There’s a famous quote that there are no anti-war movies, because they all necessarily make war seem thrilling. It applies to drugs too – it’s exciting to hook up with randoms, start violence, make yourself sick and throw up and feel your stomach acid eating away at your teeth. Many of the best anti-drug songs, like Grandmaster Flash’s “White Lines,” vibe like pro-drug songs, but Eminem doesn’t even pretend that he’s writing an anti-drug song. He couldn’t, not at that point in his life; it wouldn’t be honest. “If I could take it all back now, I wouldn’t/I would’ve done more shit people said that I shouldn’t.” Em describes partying in enticing terms: “You’re young, you still got a lot of drugs to do, girls to screw, parties to crash,” then shrugs: “Sucks to be you.”
It’s that “sucks to be you” that always got me; what sucks about partying and sex? And yet I knew it did. He predicts his daughter Hailey will be doing the same someday while he babysits her kids; he says it as a grim punchline, in the same tone he uses when rapping about murdering random people. Youth in Em’s conception isn’t something to be enjoyed, it’s a terrible ordeal you’re lucky to survive. If “Drug Ballad” was anyone else’s jam while they were in the throes of addiction, I get it. It’s the only song I can think of that makes drugs sound like something you’d want to do, while being unflinchingly honest that everything about this sucks.
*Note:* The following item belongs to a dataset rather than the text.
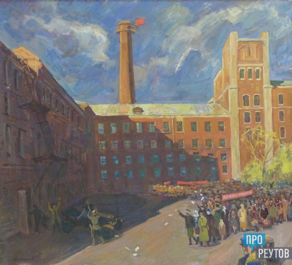Второй объект маршрута — здание Реутовской фабрики на улице Победы, 1. В прошлом оно выглядело так, как его запечатлел на полотне заслуженный художник Российской Федерации Сергей Цыганов. На картине 1917 год, тот момент, когда рабочий Сергей Лавров водружает на вершине фабричной трубы красное знамя революции. Современный облик здания не претерпел изменений, за исключением трубы.

The only thing I can think of that pulls off the same tone is the movie “Trainspotting,” which was accused (not entirely unfairly) of “glamorizing” drug addiction but still doesn’t make it seem like a remotely enviable lifestyle.
It’s hard to make anti-drug songs – even “Swimming Pools (Drank)” is a good drinking song, if you’re a sad drunk at least – but they do exist. Eminem’s more recent tracks, though not good, are genuinely anti-drug, largely because they’re about drug abuse’s inevitable endpoint, getting high alone in your house not because it’s fun but because it’s too painful to be sober. The chorus goes “They won’t let me every let ‘em go/I don’t want to but I gotta stay.” It’s not true. He’ll get to that point later in his story, where he doesn’t want to do drugs but he has to. But as of “Drug Ballad,” he does still want it, and he’s proud of it. Judging by the amount of times he brings it up in his later work, he misses it. It’s reductive and probably harmful to say that sober Eminem is bad, but it is true that since he got sober he’s never cared about anything like that again. A love song, indeed.